20 Most Hated Characters In TV History
6. Star Trek: The Next Generation - Wesley Crusher
In one of the only ways that Star Trek would legitimately act as a metric of how the future would be, Acting Ensign Wesley Crusher - boy genius and irritating little goblin - would become one of the very first characters in television to receive the kind of universal hate campaign that would become commonplace in the 21st century.
Why was Wesley Crusher so loathed and despised? You could scroll through the hundreds and hundreds of threads (and thousands and thousands of posts) on alt.ensign.wesley.die.die.die for an answer. You could check out the gobsmacking amount of visual memes online expressing anything from dislike to outright hatred of the character.
Or you could ask Wil Wheaton, the former child star turned author, blogger and advocate, an actor now known and loved mostly just for being himself, rather than for someone he’s not. He’s of the opinion - and he’s not wrong - that the writing was to blame: that Star Trek: The Next Generation writers and producers simply didn’t know what to do with his character once he’d been introduced, and didn’t understand how to make Wesley relatable to fans of the show.
No, Wheaton wasn’t the greatest actor of all time back then - but he was a teenager, and to be fair to him, those early scripts were bobbins: for the most part, ST:TNG didn’t become the show we all remember until the third season, by which point young Wesley’s fate was sealed.

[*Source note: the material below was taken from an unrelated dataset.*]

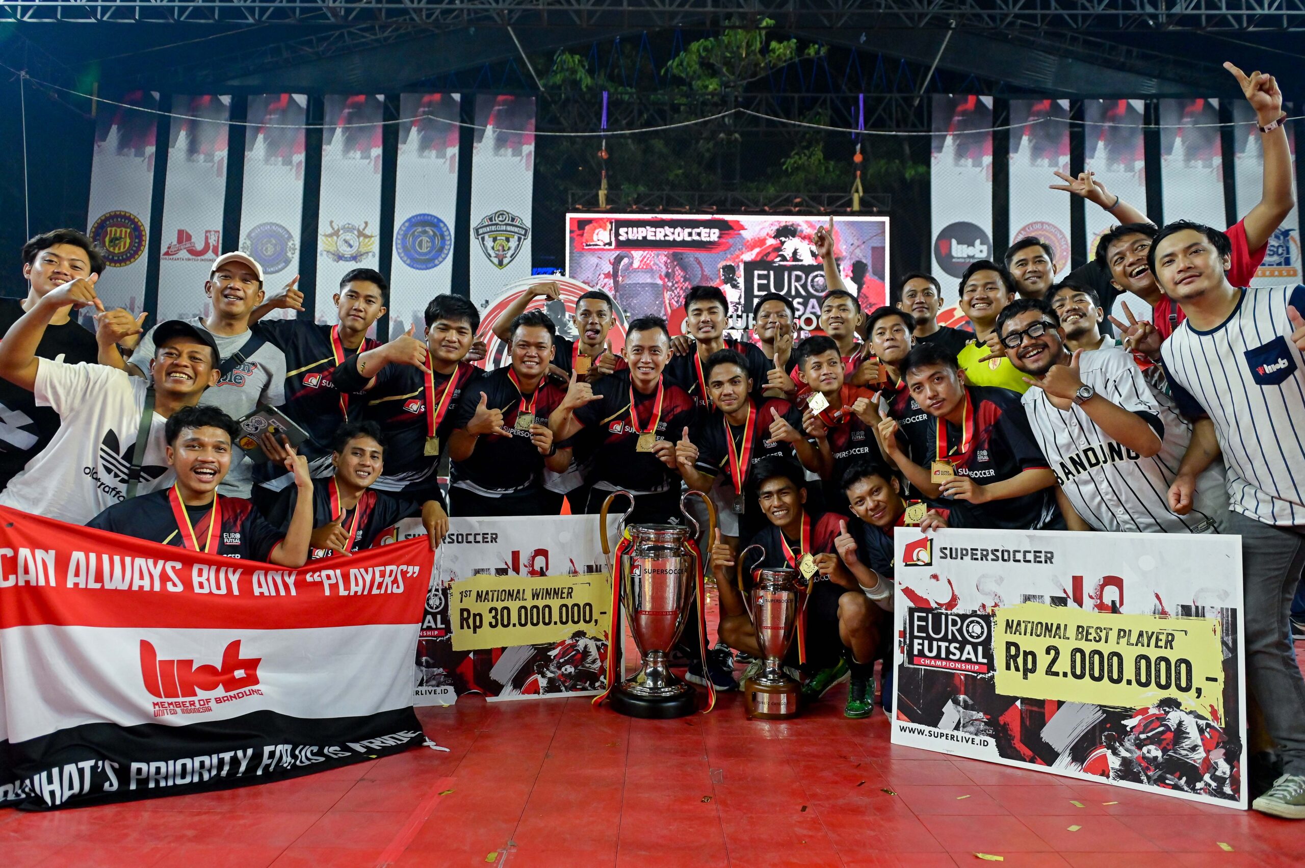 MOB Kahiji!!! Teriak Supporter langsung pecah waktu United Indonesia Member of Bandung (MOB) mastiin diri sebagai Pemenang Supersoccer Euro Futsal Championship kategori fans club tahun 2023.

It’s a real shame - the vehemence of the loudest of those haters was so expressive, so explicit, that it affected Wheaton quite deeply. They screeched in Usenet newsgroups - the social media of the day, but for geeks only - about how insufferable Crusher was, how often he’d saved the Enterprise through some bullsh*t deus ex machina, how his smugness made them want to slap him, punch him, choke him to death - you know the drill, you’ve seen it on Twitter a thousand times since then.
Wheaton’s promising acting career never recovered from Star Trek: The Next Generation… but he had the last laugh on all those proto-trolls back in the day. After all, it can’t be so bad - being known and loved mostly for being yourself, rather than someone you’re not.